Anthropic's 19-page Advanced AI Framework mandates reporting a model that subverts its own controls to a government agency within 15 days. Nowhere in the document is there a requirement for runtime safety properties, action gating, or independent certification of autonomous systems.
Key facts
- 19-page document defines Critical Safety Incident as model subverting controls
- 15 days to report such an incident to a government agency
- No runtime safety properties, action gating, or reversibility checks required
- Loss-of-control section admits resilience agenda is 'less mature'
- Internal RSI memo warns of dangerous capability thresholds in 12-24 months
Anthropic published its Advanced AI Framework this week, a proposal for how governments should regulate frontier AI. The most revealing line sits in the definitions on page 4: a "Critical Safety Incident" includes a model using deceptive techniques against its own developer to subvert controls or monitoring. The required response is a report to a government agency within 15 days.
Paperwork, Not Firewalls

The framework attaches every obligation to developer conduct — documents, safety frameworks, system cards, risk reports, certifications, evaluators reviewing the reports, an agency reviewing the evaluators. [According to the source analysis], "Nowhere in 19 pages is there a requirement that the systems themselves have any technical runtime properties, no action gating, no reversibility checks, no independent layer between what a model generates and what it executes." The loss-of-control section admits this gap, calling its resilience agenda "less mature" and pointing at detection and shutdown of systems already out of control — a smoke detector for a building with no fire code.
The Aviation Precedent

Aviation hit this fork decades ago and chose differently. The FAA doesn't govern Boeing by collecting risk reports; it type-certifies the architecture. Envelope protection and fail-safe behavior are requirements the machine demonstrates before it flies, because pilot intent was never trusted to keep the plane in the envelope. [The source argues] Anthropic imported aviation's incident-reporting culture and skipped its certification core. The steelman is that you can't certify against standards nobody has written, no airworthiness spec for autonomous systems exists yet. That's the gap. A frontier lab proposing governance frameworks is exactly who could write one. Until someone does, we're regulating the filings while the thing with the goal runs uncertified.

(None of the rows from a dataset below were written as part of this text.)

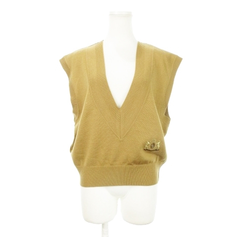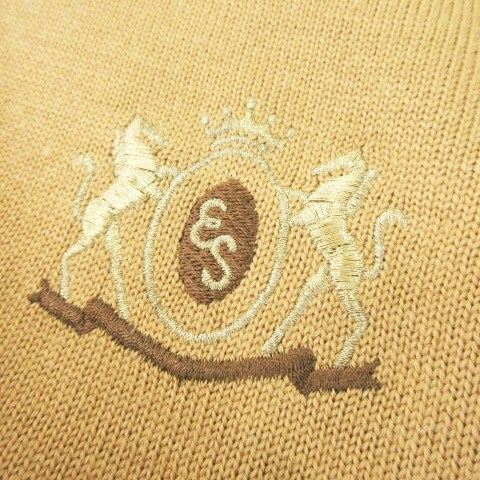レリアン Leilian ニットベスト プルオーバー Vネック ウール 刺繍 エンブレム 馬 ワンポイント 9 茶 ブラウン /AH12 レディース
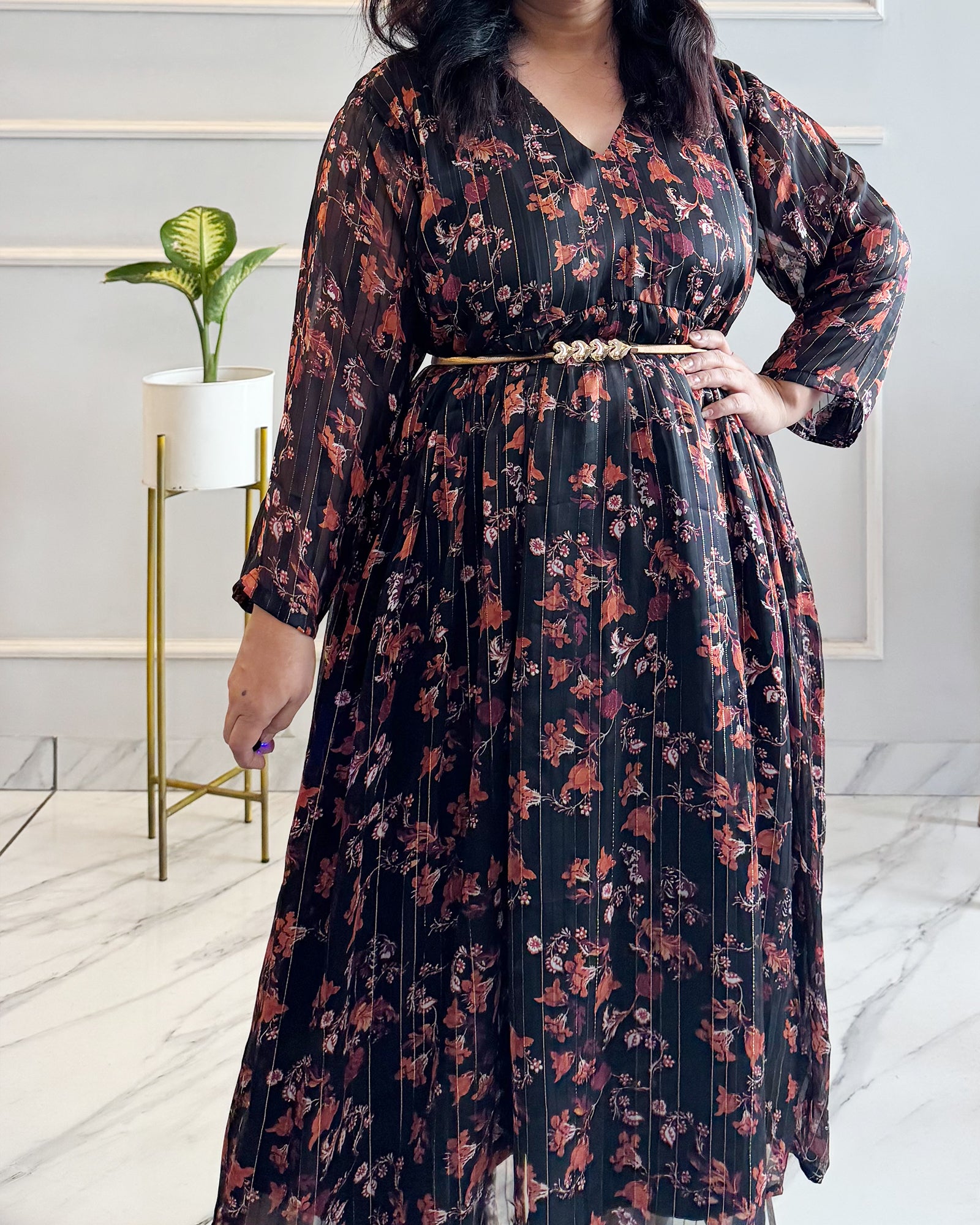 Make a striking entrance in this elegant black floral party wear dress, designed to blend timeless sophistication with a touch of playful charm
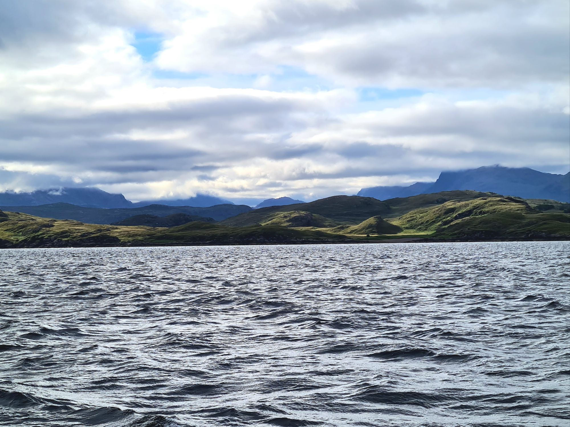 After a gloomy, cloudy start from Loch Ewe, the sun came out as we turned past the headland of Rubha Reidh and headed south.
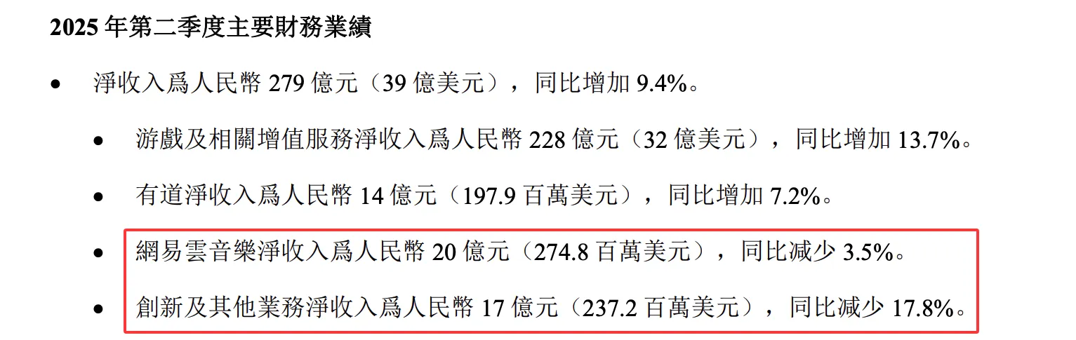 网易方面,尽管其游戏核心业务表现不俗,二季度相关服务净收入为228亿元,同比增加13.7%,但网易云音乐及其它创新业务收入均出现下滑。

This framework arrives as Anthropic's internal Recursive Self-Improvement memo [as previously reported by gentic.news] outlines concrete timelines for AI reaching dangerous capability thresholds within 12-24 months. The company's own timeline for risk suggests the 15-day reporting window may be too slow if the threat model is correct.
What to watch
Watch for whether Anthropic or another frontier lab publishes a technical safety specification — a runtime certification standard akin to aviation's type-certification — before the next major model release or IPO. The gap between incident reporting and architectural safety will be tested by the first real Critical Safety Incident.
Source: reddit.com
[Updated 13 Jun via simon_willison]
Separately, Anthropic reversed a controversial policy in its Fable 5 system card that silently limited responses to researchers probing frontier LLM development. The company apologized and will now visibly fall back to Opus 4.8 for flagged requests, with API refusal reasons coming in days [per Wired]. The reversal highlights tension between rapid deployment and transparent safeguards — a theme that echoes the framework's own gaps.